Ovarian inguinal hernia is an extremely rare condition. However, it is more common in infants and young females than in adults. The occurrence of inguinal hernias in adult females is usually due to failure in the closure of the processus vaginalis (which is usually obliterated by the eighth month of gestation ). The association between the ovary-containing inguinal hernias and Mullerian duct anomalies is not well established. Commonly, inguinal ovarian hernia is present in infant females and rarely presents in adults. However, when observed in adults, the presentation is generally acute and rarely as chronic abdomen. In infants, the diagnosis is usually made preoperatively with ultrasonography whereas in adults, the diagnosis is intra-operative for acute presentation.Here we report a case of 32 year old female patients who presented with a Mullerian duct anomaly and an adult presentation of an ovarian inguinal hernia as chronic abdomen.
Inguinal hernias containing ovaries are uncommon, moreover, it is even rarer in adult females compared to infants and young females. Inguinal hernias occur due to failure in the closure of the processus vaginalis [1,2]. These types of hernias are frequently found more in children, often in association with genital tract anomalies [3].

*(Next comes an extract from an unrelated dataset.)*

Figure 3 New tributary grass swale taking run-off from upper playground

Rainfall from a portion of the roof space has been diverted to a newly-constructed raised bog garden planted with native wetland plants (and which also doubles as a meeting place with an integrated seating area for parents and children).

A 32year-old obese (Body Mass Index = 33 ) female patient presented with chronic left groin pain for the last 5 years. She had visited multiple hospitals previously where diagnostic imaging findings were negative, hence, she was diagnosed with irritable bowel syndrome ( IBS ). At our institution, she was followed-up at the department of urology clinic for her single kidney that was discovered incidentally on previous computed tomography (CT) scan of the abdomen and pelvis. She was referred to the surgical clinic for chronic abdominal pain. On examination, the surgeon noticed a left inguinal tenderness and swelling; however, owing to her obesity, clinical examination was difficult for diagnosis. Therefore, contrast-enhanced CT scan of the abdomen and pelvis was advised. CT showed an elongated structure herniating through the left inguinal canal (Figure 1 A). Additionally, the uterus was small in size and lying on the right side(Figure 1 B). Following the vascular supply, it revealed drainage in the left renal vein, which in turn drained a very diminutive left-sided renal tissue (Figure 1 C,D), confirming it as an ovary. Moreover, it was connected to the uterus by a small band. Therefore, the magnetic resonance imaging (MRI) of the pelvis was performed. MRI confirmed the diagnosis of unicornuate uterus and herniating left ovary. (Figure 1 E,F).

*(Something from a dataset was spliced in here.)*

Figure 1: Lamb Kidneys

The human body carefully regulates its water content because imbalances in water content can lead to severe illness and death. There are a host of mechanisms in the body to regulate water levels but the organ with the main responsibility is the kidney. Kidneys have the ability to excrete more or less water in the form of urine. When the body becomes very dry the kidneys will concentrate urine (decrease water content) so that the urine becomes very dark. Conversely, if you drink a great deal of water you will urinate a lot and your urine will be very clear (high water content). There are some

The surgeon advised laproscopic hernia mesh repair to relief her chronic abdominal pain. The patient provided consent for this, and underwent the procedure one week later. Exploratory laparoscopy confirmed a left indirect inguinal hernia with a viable left ovary as the hernial content adherent to the left external iliac vessels ( Figure 1 G, H ). Reduction of the left ovary and dissecting it off of the left external iliac vessels were safely made. Preperitoneal mesh plug and mesh hernioplasty followed by peritoneorrhaphy were successfully achieved ( Figure 1 I,K ).
The patient recovered well after surgery and was pain-free at the 1-year follow-up, with no clinical or radiological evidence of recurrence.